The contract allows the insurer to enforce its lien rights according to local law in any jurisdiction. It specifies that the supplier's ability to enforce lien rights on ships or secure amounts owed remains intact. In contrast to the case of *Queen of Leman*, Bominflot's General Conditions do not include a provision for enforcing lien rights per local law, but rather state that rights can be safeguarded in any court, which is a forum selection clause and does not specify applicable law. Therefore, the intent of the parties indicates that English law governs. Bominflot argues that the warranty of a lien would be rendered meaningless without recognizing a maritime lien. However, this argument is flawed as maritime lien rights cannot be established merely through warranty but arise by law when necessaries are provided to a vessel. Additionally, the warranty does not imply a maritime lien specifically, as it could pertain to English in rem actions. The contract lacks the explicit exceptions found in *Queen of Leman* that would allow for deviation from the choice of law clause. Consequently, the judgment of the district court is affirmed. The delivery of bunkers to the vessel occurred on specified dates in South Africa and Brazil, totaling amounts of $202,431.49, $281,581.47, and $141,272.33, respectively.
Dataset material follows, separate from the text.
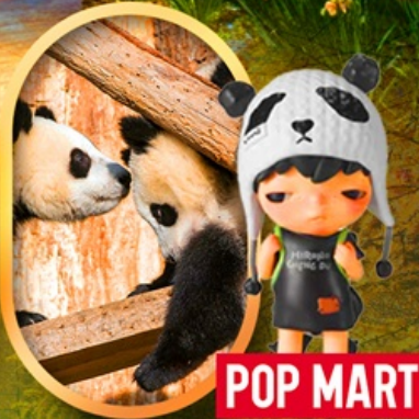
ศูนย์อนุรักษ์หมีแพนด้า POP MART

เจิงตู ปี้ผิงโกว จิ้งจ้ายโกว หมีแพนด้าตัวเป็นๆ

Kien Hung was tasked with purchasing bunkers under the time charter and was restricted by a "Non-Lien Provision Clause," preventing any liens that could overshadow the Owners' title and interest in the Vessel. Bominflot initially included an in personam claim under Rule B of the Federal Supplemental Rules but later moved to dismiss it, which was granted. Bominflot now appeals the dismissal of its Rule C maritime lien claim. 

The concept of a bottomry bond, a mortgage on a ship for raising funds in foreign ports, has largely fallen out of use. South Africa's maritime lien law, based on English law, does not recognize liens for necessaries, which means Bominflot cannot claim a maritime lien for bunker shipments there. Conversely, Brazil recognizes such liens, but if a claim were made there, Brazilian courts would likely apply the law of the flag, which is German law in this case, and would dismiss the claim as Germany does not recognize liens for necessaries.

Bominflot argues that the phrase "subject to" in the contract does not definitively indicate the application of English law; however, the clause titled "Governing Law" suggests otherwise. The phrase indicates the contract is governed by English law. Bominflot's claim that the forum selection clause is ineffective without a corresponding choice of law exception is unfounded, as there could be various reasons for its inclusion unrelated to choice of law.

Citing the Fifth Circuit's decision in Queen of Leman, courts have consistently declined to recognize maritime liens in cases with similar contractual language. In Marine Oil Trading, Ltd. v. M/V Sea Charm, despite broad forum selection language, the court ruled that the seller could not enforce a maritime lien as their rights were expressly determined by English law. Similarly, in Marine Oil Trading Ltd. v. Motor Tanker Paros, the court found that the contract did not clearly indicate intent to apply non-English maritime lien law, concluding that parties would not expect a maritime lien to arise without invoking American law. The court refrains from speculating on outcomes had Bominflot’s contract explicitly reserved rights for a lien in accordance with local law.